Confession: I'm obsessed with female underwear. Naw, I don't wear it myself -- at least not since the "college days" -- but I absolutely fucking live for that moment when the random female I've somehow conned into coming back to
Le Pad de Ken unbuttons her jeans then slowly sheds them, revealing the magical undergarments. There's also a lot to be said for the sight of said underwear balled up on the floor the next morning, or hidden between the sheets. Hell, sometimes I'll even bury my face in the Kennette's underwear drawer like a friggin' six year old bobbing for apples, just for the sheer delight of it.
Simply put, female underwear = awesome.
So last weekend, after the Kennette and I completed a little something I like to call the bedroom floor facedown slalom, I found her thong in the corner of the room. Joking, I picked it up and stuffed it in my mouth, as I've threatened to do on many occasions. Stunned, she turned around quick and blurted, "Hey, those were expensive."
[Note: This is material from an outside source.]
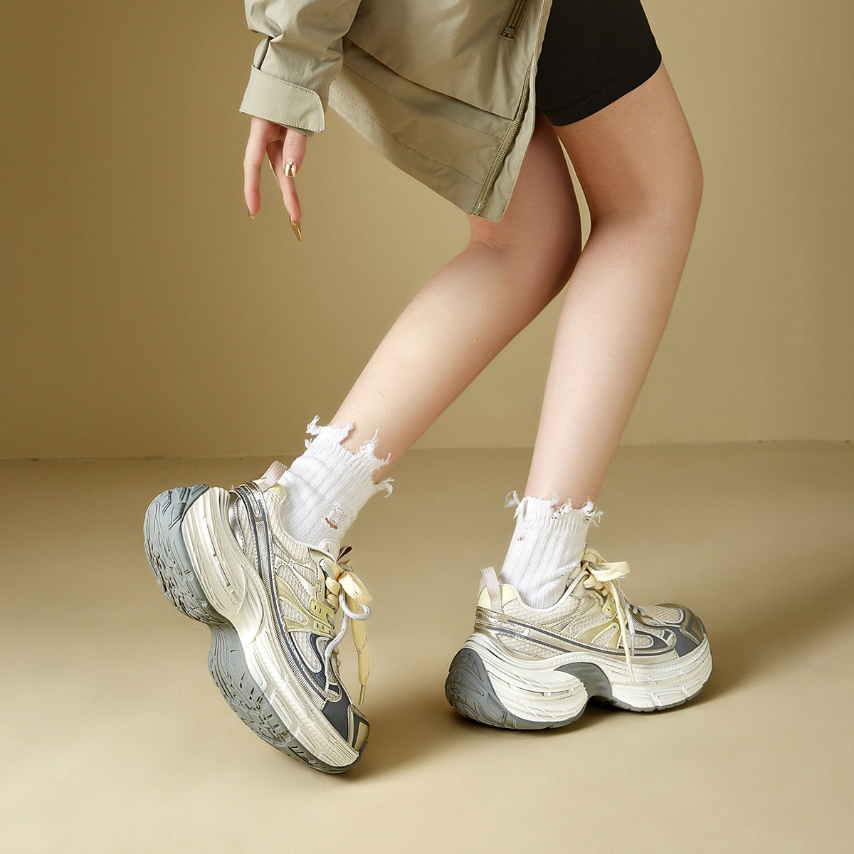 意尔康厚底轻便老爹鞋女2026春秋款炸街小个子透气休闲运动鞋单鞋

With that, she plucked the tiny millimeter of fabric still outside my mouth and gave the undies a solid yank, retrieving them, along with a bonus prize in the form of my permanent retainer -- a small, inch-long piece of metal which runs along the back of my bottom teeth to prevent nature from undoing years of orthodontics.
Now, the fucking thing's been there since I was 16, so, as you might imagine, it hurt like a world class motherfucker. So I scream. And my mouth starts gushing blood as the metal scraped my cheek and tongue on the way out. So she starts screaming as well. And I'm standing there, watching blood pour from my mouth wondering how something that seemed so cool at the time could have gone so horribly wrong.
A few hours later, calm was restored. My dentist replaced the retainer Monday morning, and I duly promised to never ever again attempt to ingest a Kennette's panties. Unless, of course, she's wearing them.